▶ **THE PROBLEM**: Would you please reproduce all the entries exactly, leaving the pictures out?

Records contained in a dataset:
↓↓↓

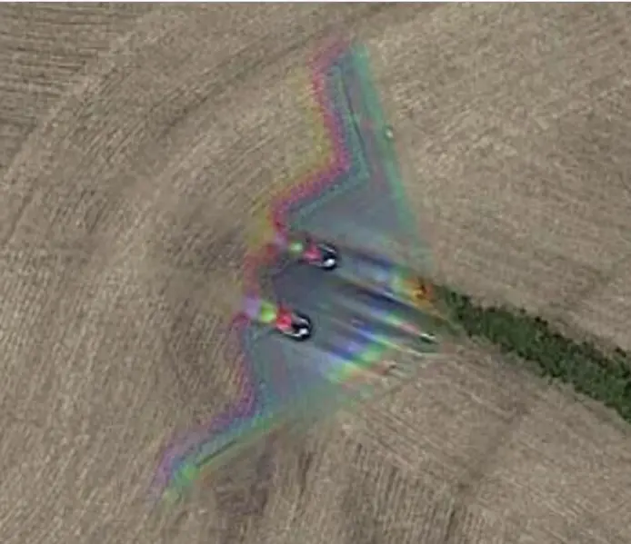 และที่ต้องหยิบยกเรื่องราวข้างต้นขึ้นมานั้นก็เพราะว่าได้มีเรื่องราวสุดพิลึกเกิดขึ้นจนกลายเป็นไวรัลไปทั่วโลกออนไลน์หลักจากเว็บไซต์ PetaPixel รายงานว่ามีผู้ใช้ Reddit รายหนึ่งบังเอิญไปเจอ ภาพเครื่องบินทิ้งระเบิดล่องหน B-2 Spirit อยู่ภายในพื้นที่รัฐมิสซูรี สหรัฐอเมริกา ห่างจากเมืองแคนซัสซิตี ทางตะวันออกไปประมาณ 80 กิโลเมตร ถูกพบที่พิกัด 39°01’18.5″,-93°35’40.5″ บน Google Maps ซึ่งมาจากกล้องดาวเทียมจับภาพ 3 สี แยกกัน ได้แก่ สีแดง สีเขียว และสีน้ำเงิน (RGB) ก่อนที่จะรวมกันจนกลายมาเป็นภาพดังกล่าว
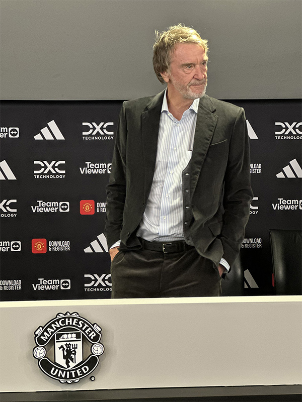 拉特克里夫在梦剧场新闻发布厅以非正式方式与英媒见面,他预计自己13.5亿英镑收购曼联25%股份的交易可以在下月上旬到中旬之间得到英超联盟的批准,届时他才能以小股东身份正式入主。
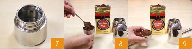 Prepare agora o café utilizando uma cafeteira. Para obter um ótimo café, encha a caldeira da sua cafeteira com água fria e de preferência com pouco calcário, tomando cuidado para não ultrapassar a válvula de segurança 7 (senão você terá um café mais longo). Encha o filtro com café moído formando um montinho 8, que você nivelará batendo o filtro na mesa com movimentos firmes 9. Não pressione com a colher nem faça furos na superfície.
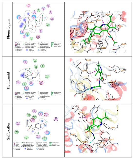 Furthermore, flometoquin, according to the IRAC, is categorized as a mitochondrial complex III electron transport inhibitor, while flonicamid is identified as a chordotonal organ nicotinamidase inhibitor. Despite their disparate target sites relative to sulfoxaflor, which is deemed a nicotinic acetylcholine receptor (nAChR) competitive modulator, they exhibited high binding affinity to AChE. The elevated binding affinity of flometoquin and flonicamid to AChE suggests that AChE might play a critical role in the toxic action of these compounds on B. tabaci. To the authors’ knowledge, this is the first molecular docking study of flometoquin and flonicamid insecticides against the active site of the AChE enzyme. However, further molecular studies are necessary to elucidate the relationship between the toxic actions of flometoquin and flonicamid and their potential inhibitory effects on AChE.
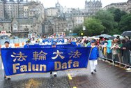 Le 5, aout, 2007 a eu lieu le grand défilé annuel du festival d’ Edinbourg. Selon les reportages, 50’000 spectateurs ont assisté au spectacle, sous la pluie. En debut de cortège, des banderoles annonçaient “ Falun Dafa” et “ Zhen-Shen-Ren” en anglais et chinois, suivies de la Fanfare divine europeenne, composée de plus de cent dix pratiquants. La musique de Dafa qu'ils ont interprétée a touché les coeurs et purifié les esprits. -
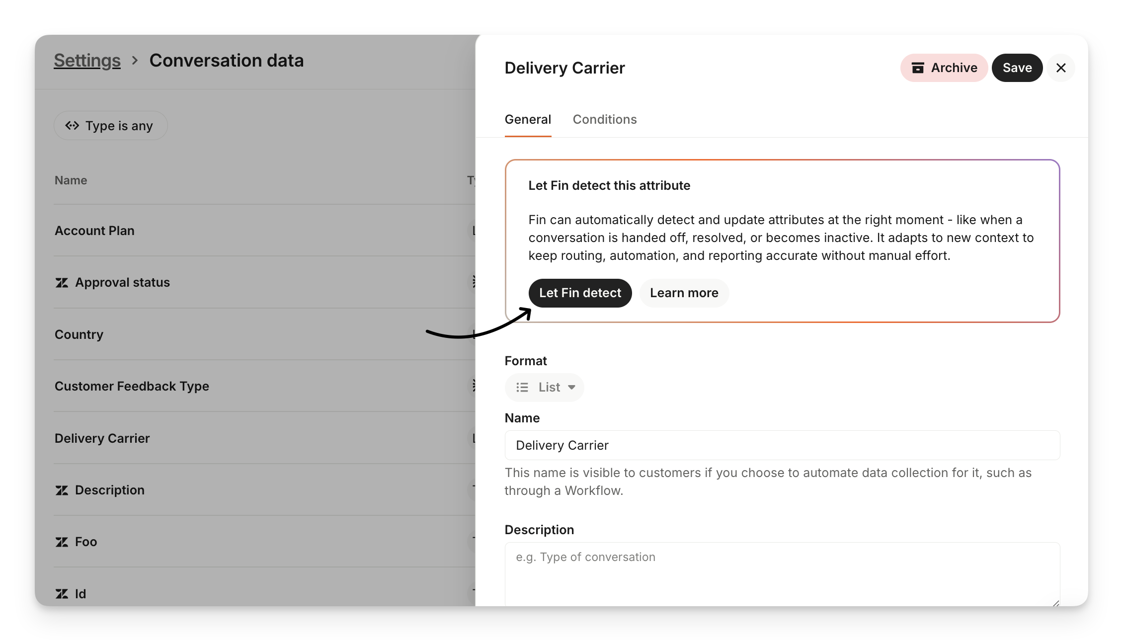 Go to Settings > Conversation data, click edit on a list-type attribute, and then click Let Sweo detect.
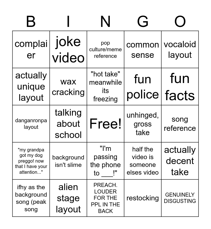 This bingo card has a free space and 24 words: background isn't slime, alien stage layout, "hot take" meanwhile its freezing, ifhy as the background song (peak song, vocaloid layout, complai er, actually unique layout, joke video, unhinged, gross take, "I'm passing the phone to ___!", fun police, danganronpa layout, half the video is someone elses video, actually decent take, wax cracking, restocking, song reference, pop culture/meme reference, fun facts, talking about school, GENUINELY DISGUSTING, "my grandpa got my dog preggo! now that I have your attention...", common sense and PREACH. LOUDER FOR THE PPL IN THE BACK.

↑↑↑

▶ **FINAL ANSWER**:
 และที่ต้องหยิบยกเรื่องราวข้างต้นขึ้นมานั้นก็เพราะว่าได้มีเรื่องราวสุดพิลึกเกิดขึ้นจนกลายเป็นไวรัลไปทั่วโลกออนไลน์หลักจากเว็บไซต์ PetaPixel รายงานว่ามีผู้ใช้ Reddit รายหนึ่งบังเอิญไปเจอ ภาพเครื่องบินทิ้งระเบิดล่องหน B-2 Spirit อยู่ภายในพื้นที่รัฐมิสซูรี สหรัฐอเมริกา ห่างจากเมืองแคนซัสซิตี ทางตะวันออกไปประมาณ 80 กิโลเมตร ถูกพบที่พิกัด 39°01’18.5″,-93°35’40.5″ บน Google Maps ซึ่งมาจากกล้องดาวเทียมจับภาพ 3 สี แยกกัน ได้แก่ สีแดง สีเขียว และสีน้ำเงิน (RGB) ก่อนที่จะรวมกันจนกลายมาเป็นภาพดังกล่าว
 拉特克里夫在梦剧场新闻发布厅以非正式方式与英媒见面,他预计自己13.5亿英镑收购曼联25%股份的交易可以在下月上旬到中旬之间得到英超联盟的批准,届时他才能以小股东身份正式入主。
 Prepare agora o café utilizando uma cafeteira. Para obter um ótimo café, encha a caldeira da sua cafeteira com água fria e de preferência com pouco calcário, tomando cuidado para não ultrapassar a válvula de segurança 7 (senão você terá um café mais longo). Encha o filtro com café moído formando um montinho 8, que você nivelará batendo o filtro na mesa com movimentos firmes 9. Não pressione com a colher nem faça furos na superfície.
 Furthermore, flometoquin, according to the IRAC, is categorized as a mitochondrial complex III electron transport inhibitor, while flonicamid is identified as a chordotonal organ nicotinamidase inhibitor. Despite their disparate target sites relative to sulfoxaflor, which is deemed a nicotinic acetylcholine receptor (nAChR) competitive modulator, they exhibited high binding affinity to AChE. The elevated binding affinity of flometoquin and flonicamid to AChE suggests that AChE might play a critical role in the toxic action of these compounds on B. tabaci. To the authors’ knowledge, this is the first molecular docking study of flometoquin and flonicamid insecticides against the active site of the AChE enzyme. However, further molecular studies are necessary to elucidate the relationship between the toxic actions of flometoquin and flonicamid and their potential inhibitory effects on AChE.
 Le 5, aout, 2007 a eu lieu le grand défilé annuel du festival d’ Edinbourg. Selon les reportages, 50’000 spectateurs ont assisté au spectacle, sous la pluie. En debut de cortège, des banderoles annonçaient “ Falun Dafa” et “ Zhen-Shen-Ren” en anglais et chinois, suivies de la Fanfare divine europeenne, composée de plus de cent dix pratiquants. La musique de Dafa qu'ils ont interprétée a touché les coeurs et purifié les esprits. -
 Go to Settings > Conversation data, click edit on a list-type attribute, and then click Let Sweo detect.
 This bingo card has a free space and 24 words: background isn't slime, alien stage layout, "hot take" meanwhile its freezing, ifhy as the background song (peak song, vocaloid layout, complai er, actually unique layout, joke video, unhinged, gross take, "I'm passing the phone to ___!", fun police, danganronpa layout, half the video is someone elses video, actually decent take, wax cracking, restocking, song reference, pop culture/meme reference, fun facts, talking about school, GENUINELY DISGUSTING, "my grandpa got my dog preggo! now that I have your attention...", common sense and PREACH. LOUDER FOR THE PPL IN THE BACK.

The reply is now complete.